Package configuration options. By specifying such a metadata information it is possible to describe what are the configuration options that have been used to configure the packaged software. These configuration options might concern some of the dynamic attributes that characterize a given package. For example, with respect to the web server Apache, a configuration option will be the standard port where the server will listen to, or the default set of modules that will be activated when the server will start.
Since what is written in a package metadata is a merely static information, this class of metadata description might seem useless. In fact, after installing a package, for example a web server, configured to be run on the port 80, a system administrator could change that configuration parameter after the package installation. This would lead to an inconsistent information stored in the installed package database.
This problem could have different solutions:
- Actually ignoring the problem and treating, in case, the conflicts with respect to newly installed packages as warnings instead of errors. For example, if there is an installed web server configured to listen on the port 80, if we try to install another package that needs port 80 we might simply issue a warning. It will be the responsibility of the system administrator to check that the web server is currently configured to run on the port 80 before actually installing the package.
- Instrumenting the packaged software with additional utilities which give the system administrator a way to change every configuration option declared in the package and, indirectly, updates the relative configuration options associated to the package stored in the installed package database. This will maintain the consistency between the current package configuration and what is recorded in the installed package database.

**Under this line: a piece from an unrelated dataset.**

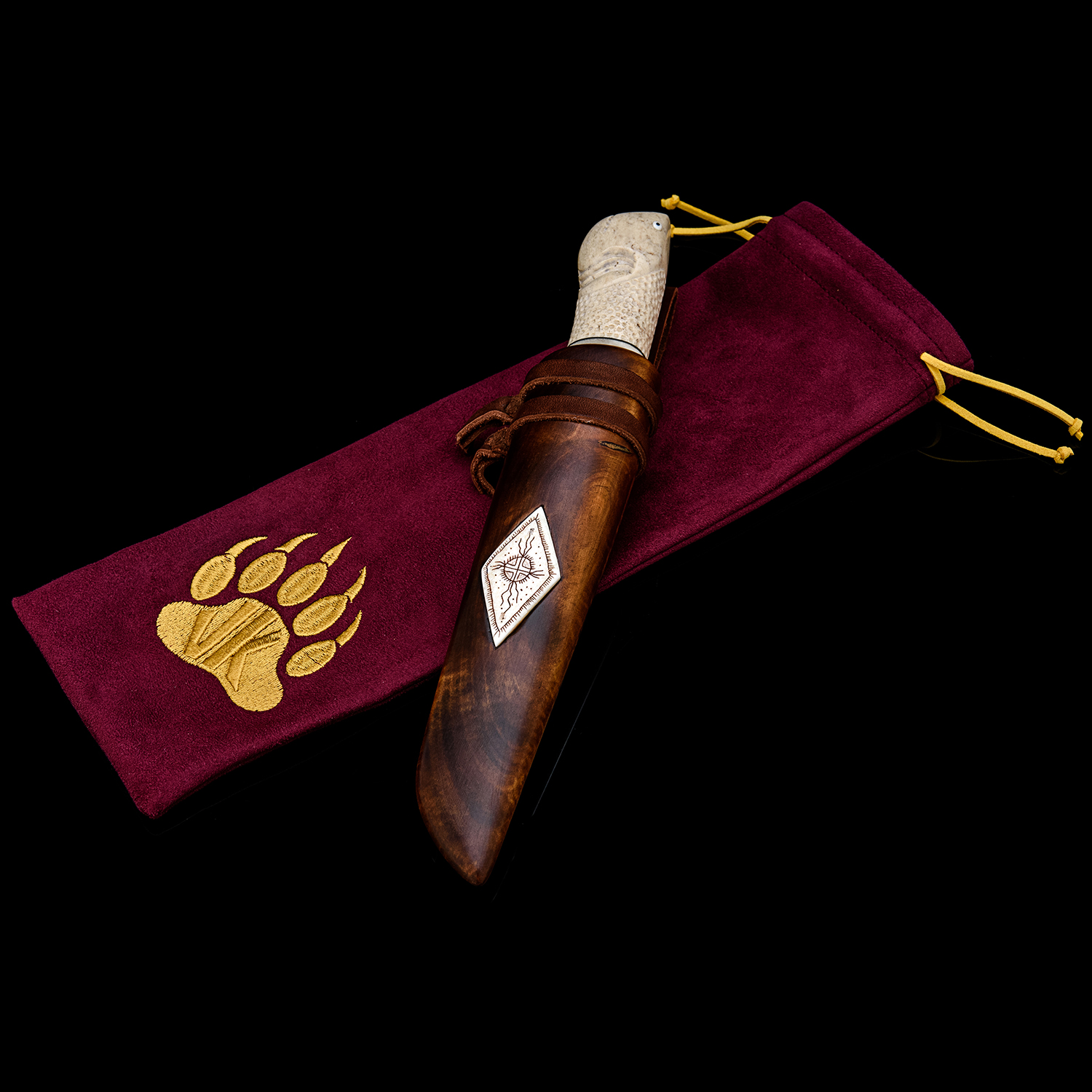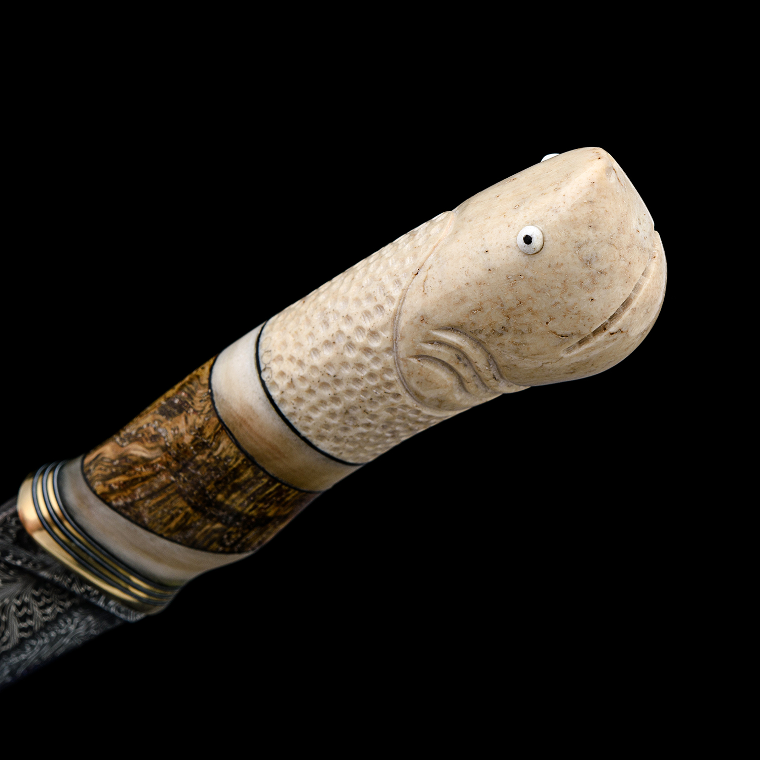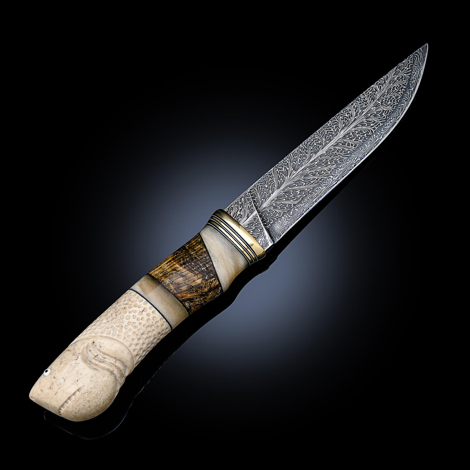 Нож сувенирный с рукоятью из кости "Акула".Материалы: дамасская сталь, ребро коровы Стеллера, клык моржа, кожа.

Notice that configuration and compilation options really need to be distinguished and may not be grouped in the same semantic class: while compilation options are hard-coded in the software and cannot be modified once the binary package has been built, configuration options describe some aspect of the software that can be changed at installation time, or even later. Their specification (see Section 2.2.3) have the same characteristics, but they are treated in different ways: configuration options may simply raise warnings when some dependency relations are not satisfied; compilation options, instead, produce fatal errors when they do not satisfy some of the dependency constraints.

2.2.2 Namespaces

In order to suitably exploit the additional metadata information that we outlined above, it is necessary to structure that information in an hierarchical way. Indeed, many configuration or compilation options could be present, with the same meaning, in different packages. This is the case, for example, of the ssl support that can be configured/enabled in several network-oriented software.

By introducing the concept of namespace it is possible to distinguish and associate a given option to a well defined context. For example it would be possible to declare apache(ssl) and subversion(ssl) and give a structured way to the other package to refer to these options.

The syntax for declaring a namespace is the following:

namespaceId(metadata)

This declaration will bind all the metadata to a particular namespace whose name is given by the identifier namespaceId.

An implicit namespace is defined by the package name. So any metadata information regarding a particular package is implicitly defined in the namespace of that package.

2.2.3 Options specification

Configuration and compilation options have one of the follwing different types:

Boolean: the option indicates a functionality that can be enabled or disabled.
Integer: the option indicates a parameter that can be set to a specific integer value.
Generic: the option indicates a declarative parameter that can be set to a generic (string) value.
Version: the option indicates a versioned entity such as a module or a component that has been configured to be used with the given software.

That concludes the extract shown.